Взглянув через площадь на дом Бюто, он никого там не заметил и обратился к полевому сторожу, стоявшему в ожидании на паперти и покуривавшему трубку:
– Звоните же, Бекю! Надо заставить этих лежебок поторопиться!
Бекю, как всегда в стельку пьяный, повис на веревке колокола. Священник пошел облачаться. Он еще с воскресенья заготовил акт о крещении и собирался совершить требу один, без всяких прислужников, так как роньские дети изводили его. Когда все было готово, он снова стал нервничать. Прошло еще десять минут. Колокол не переставал звонить, звонить упорно и отчаянно в глубоком безмолвии пустынной деревни.
– Да что же они такое делают? За уши их тащить, что ли!
Наконец он увидел, что из дома Бюто выходит Большуха и направляется к церкви, с обычным для нее видом старой злой королевы. Несмотря на свои восемьдесят пять лет, держалась она прямо, как сухая жердь. Семья была в замешательстве: все приглашенные уже пришли, за исключением крестной матери, которую тщетно ждали с самого утра. Растерянный г н Шарль все время повторял, что это совершенно непонятно: он подучил накануне вечером письмо; г жа Шарль, возможно, задержалась в Клуа, но она должна прибыть буквально с минуты на минуту. Лиза очень волновалась, так как знала, что священник не любит ждать. В конце концов она решила послать Большуху, чтобы успокоить его.

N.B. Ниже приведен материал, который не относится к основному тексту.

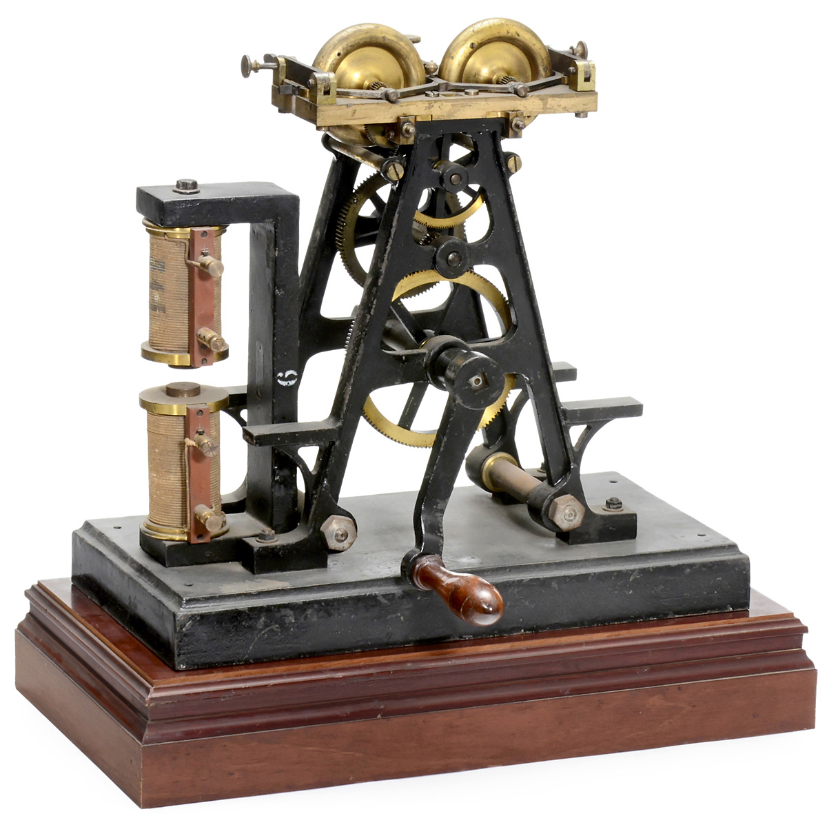 "E. Ducretet & Cie à Paris", brass and cast iron, handcrank-driven, powerful gearing, 2 gyroscope-type wheels, 2 lateral electric magnets, exact function unknown, overall size 17 ¾ x 9 ½ x 18 ½ in.
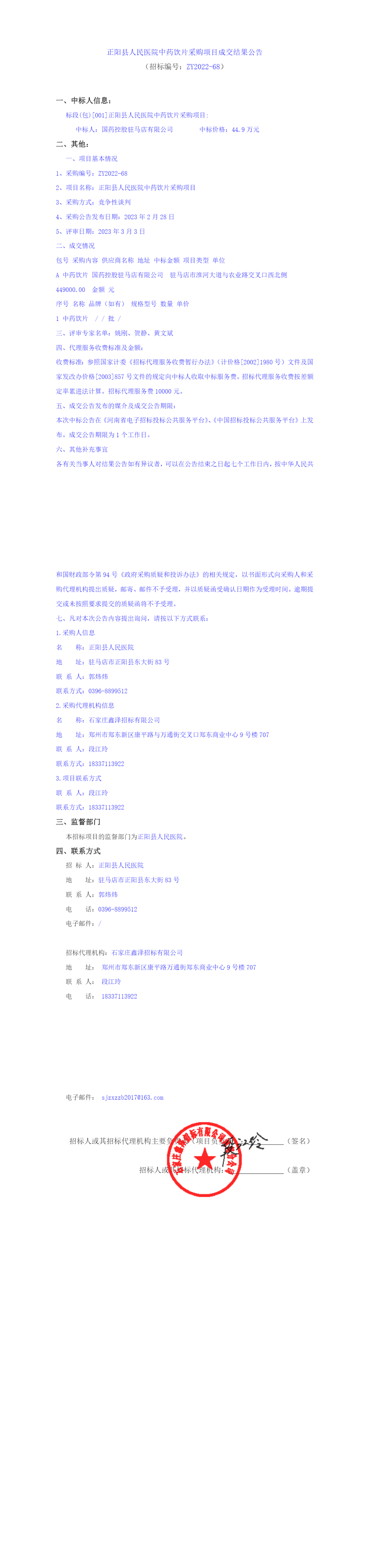 【驻马店市正阳县人民医院】河南省驻马店市正阳县人民医院中药饮片采购项目成交结果公告
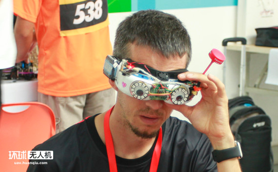 选手头戴一个内置显示屏FPV眼镜,无人机所带摄像头上拍摄的画面会实时回传到眼镜上。操作的感觉就像自己坐在飞机上一样。
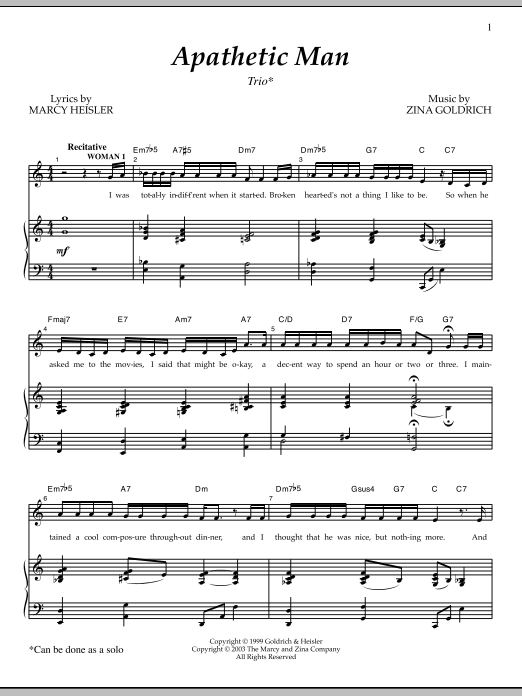 Download or print Goldrich & Heisler Apathetic Man sheet music, chords and digital score arranged for Piano & Vocal. This Broadway score includes 8 page(s).
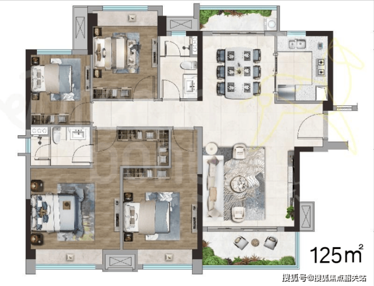 约120㎡四房两厅两卫:进一步提升了居住空间的舒适度,适合大家庭居住。
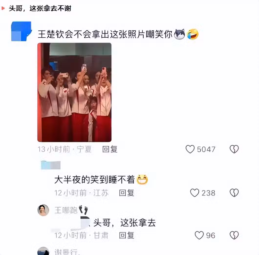 奧運健兒團港澳行結束後,王楚欽發文表達了自己的感受,稱這是收穫滿滿的幾天,還結識了新朋友,感受到了體育人的純真和快樂。然而,就在他的這條微博評論區,又發生了有趣的一幕。小孩姐崔辰曦毫不客氣地貼臉開大,再次發了王楚欽和樊振東的睡覺圖,並調侃道:「兄弟姐妹的妹呢我請問。」 這直接讓王楚欽哭笑不得,他只好回應崔辰曦:「下次見面 5 個腦瓜崩。」 這一來一往的互動,讓網友們看得樂不可支,仿佛自己也置身於他們的歡樂氛圍之中。

– Ну что? – спросил кюре еще издалека. – Сегодня это будет или завтра?.. Вы, вероятно, думаете, что господом богом можете распоряжаться по своему усмотрению?
– Сейчас, господин кюре, сейчас, – с невозмутимым спокойствием ответила старуха.
Как раз в это время Иларион, выносивший последние обломки плит, прошел мимо них, прижимая к животу огромный камень. Он покачивался, но не сгибался под тяжестью: он был крепок, как скала, и обладал такой физической силой, что способен был взвалить себе на спину быка. С его заячьей губы стекала слюна, но на грубой коже не выступило ни единой капли пота.
Аббат Годар, раздраженный невозмутимостью старухи, накинулся на нее:
– Ну, скажите, Большуха, раз уж вы мне попались, разве это по божески при вашем достатке заставлять единственного внука побираться на дорогах?
Та резко ответила:
– Мать меня не слушалась, – значит, и ребенок мне нипочем!
– Так вот: я вас уже не однажды предупреждал и повторяю еще раз – угодите вы в самый ад, если сердце ваше не смягчится… На днях, если бы я ему ничего не дал, он бы сдох с голоду, а сегодня мне пришлось придумывать для него работу.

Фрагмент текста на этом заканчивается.